Fui directa para o Aeroporto e assim que cheguei o avião da Camila tinha acabado de aterrar. Esperei uns 5 minutos e a Camila apareceu... Linda e super elegante. Notava-se que o Mundo da Moda era a sua profissão.

Vestuário da Camila

Assim que os nossos olhares se cruzaram corremos para nos abraçar.
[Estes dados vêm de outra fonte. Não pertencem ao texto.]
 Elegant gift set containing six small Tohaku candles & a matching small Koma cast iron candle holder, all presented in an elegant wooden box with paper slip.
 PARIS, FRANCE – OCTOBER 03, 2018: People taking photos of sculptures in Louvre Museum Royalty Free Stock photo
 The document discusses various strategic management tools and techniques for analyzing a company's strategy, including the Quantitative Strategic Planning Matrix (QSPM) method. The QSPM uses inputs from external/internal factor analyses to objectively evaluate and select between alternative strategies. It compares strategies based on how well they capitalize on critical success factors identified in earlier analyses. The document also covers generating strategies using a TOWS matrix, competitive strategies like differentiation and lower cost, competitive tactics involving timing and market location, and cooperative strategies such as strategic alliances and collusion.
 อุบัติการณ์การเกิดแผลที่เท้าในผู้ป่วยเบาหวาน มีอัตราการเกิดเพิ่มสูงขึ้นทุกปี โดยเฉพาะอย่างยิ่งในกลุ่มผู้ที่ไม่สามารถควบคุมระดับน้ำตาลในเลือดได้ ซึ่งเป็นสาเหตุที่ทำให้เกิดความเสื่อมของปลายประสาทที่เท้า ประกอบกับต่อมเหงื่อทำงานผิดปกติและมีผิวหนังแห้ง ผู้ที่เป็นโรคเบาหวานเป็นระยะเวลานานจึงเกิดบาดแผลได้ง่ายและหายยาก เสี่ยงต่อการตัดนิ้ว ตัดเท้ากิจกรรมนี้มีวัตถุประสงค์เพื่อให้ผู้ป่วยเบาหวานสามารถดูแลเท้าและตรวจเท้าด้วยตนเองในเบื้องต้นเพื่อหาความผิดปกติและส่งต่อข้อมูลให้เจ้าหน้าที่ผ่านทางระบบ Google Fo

- Que saudades amor - dissemos em conjunto

- Estás linda - referi eu

- Olha para ti... sem palavras - disse a Camila

- Vamos recolher a bagagem - disse

- Então e quando estás a pensar ir para o Brasil? - perguntei

- Não sei, pensaste em algum dia? - questionou

- Os meus professores aceitaram dispensar-me das aulas esta semana, já que fui a melhor aluna, decidiram brindar-me com esse ''prémio''. - informei

- Óptimo... e se fossemos hoje? - sugeriu

- Hoje? Mas nem tenho a passagem nem a bagagem arrumada... - disse 

- Olha - apontou para o quadro das partidas. - Rio de Janeiro - 23 horas

- Ainda faltam algumas horas... acho que dá tempo e assim fazemos uma surpresa aos pais.
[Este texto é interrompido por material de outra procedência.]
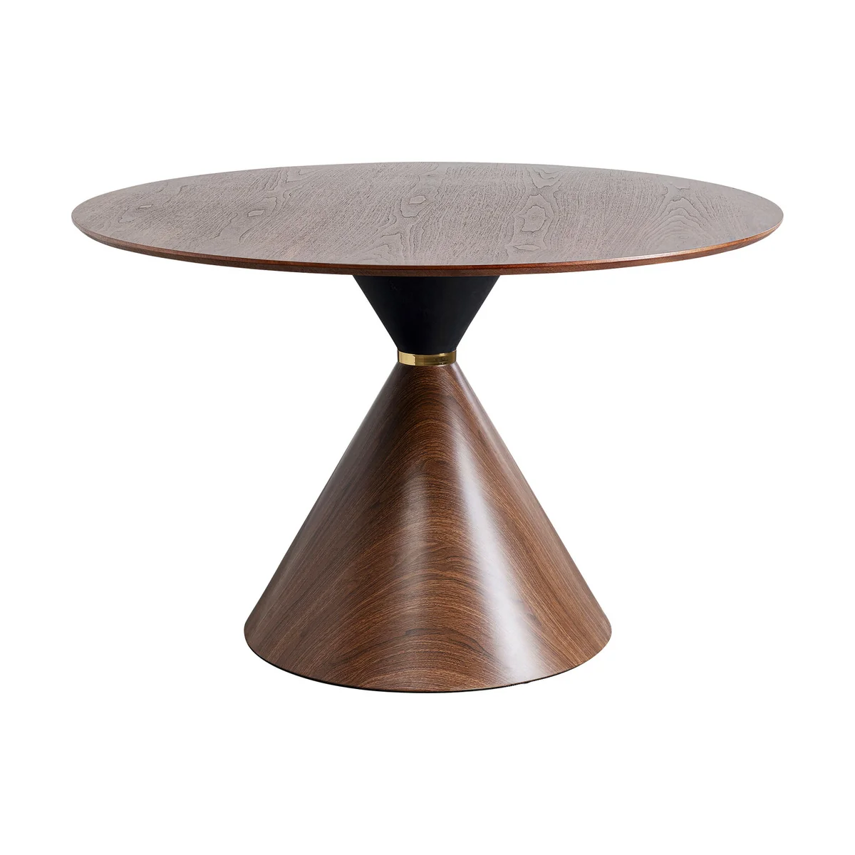 Enjoy convivial gatherings and experience stylish design - this round dining table combines timeless elegance with modern sophistication. The warm walnut look brings a natural coziness to the dining room, while the striking wooden structure creates a sophisticated look. The conically shaped central leg provides stability and ensures a stylish, harmonious overall look. Golden and black details create elegant accents that perfectly complement modern, classic or mid-century interiors. Combine with colored velvet chairs for a luxurious look or with simple seating furniture for timeless lightness - a real highlight for any interior!

Fomos até ao balcão comprar a passagem, seria para as 23 horas dessa mesma noite. Tinha muita coisa que fazer, comprar o jantar antes de regressar a casa e arrumar as malas. O mesmo táxi esperava-nos. Parámos num pronto a comer e comprei a primeira coisa que havia lá. Frango assado. Combinei com o empregado que o entregasse ao domicilio por volta das 20.00 horas.

Jantar da Leire, Camila e Amanda.

Chegámos a casa.

- Que saudades - referiu a Camila.

- E de certeza que ela (Casa) também tem tuas. - disse.
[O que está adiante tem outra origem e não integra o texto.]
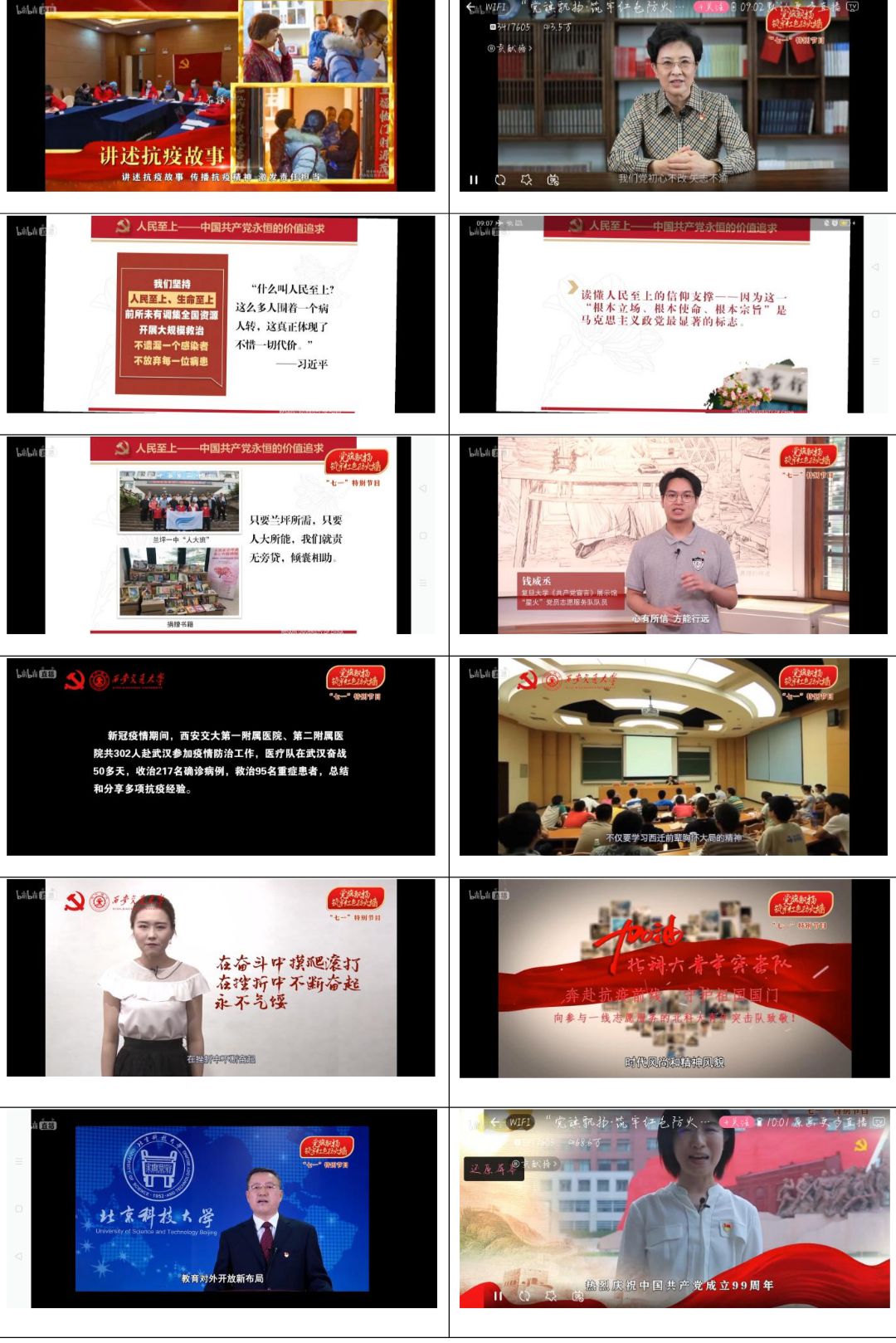 本期“七一”专题战“疫”示范微党课由中国人民大学、复旦大学、西安交通大学、北京科技大学4校的党委书记、基层党组织书记、教师党员、战“疫”一线志愿者们等从不同视角进行讲述。党课用鲜活的事例、详实的数据、深刻的感悟、生动的语言讲述了在突如其来的新冠肺炎疫情面前,在习近平同志为核心的党中央领导下,高公司党组织和党员挺身而出、英勇奋斗、冲锋在前的先进事迹。

Fui mostrar como tinha ficado a decoração do quarto da Amanda, ela ficou maravilhada, tal como eu fiquei. Estava Lindo!

Fomos até ao meu quarto e começámos a fazer as malas.


segunda-feira, 26 de novembro de 2012

Capítulo 58

Desvalorizei o assunto e dentei que não me arruinasse a vida.

3 MESES DEPOIS

Era Dezembro, faltava uma semana para as férias do Natal. A minha vida seguia igual, ainda doída por dentro por causa do Rodrigo. O Gonçalo  depois da nossa última discussão nunca mais voltou a dar notícias. Neste 3 meses apenas me dediquei a mim e à minha carreira e ainda bem que o fiz, porque a minha média estava nos 19 valores, era a melhor da turma.
O Dr. Almeida ainda me telefonou algumas vezes para participar em alguns trabalhos, com a equipa de basquetebol e hóquei patins.

Na semana passada tinha recebido um telefonema da minha mãe a dizer que já estava de férias e que me esperava com a Camila. Por sua vez a Camila iria chegar hoje para que partíssemos as 2 juntas. Tentei convencer a Amanda em viajar até ao Brasil passar o Natal, mas como é compreensível, Natal é sinónimo de família e sendo assim iria viajar para a sua terra.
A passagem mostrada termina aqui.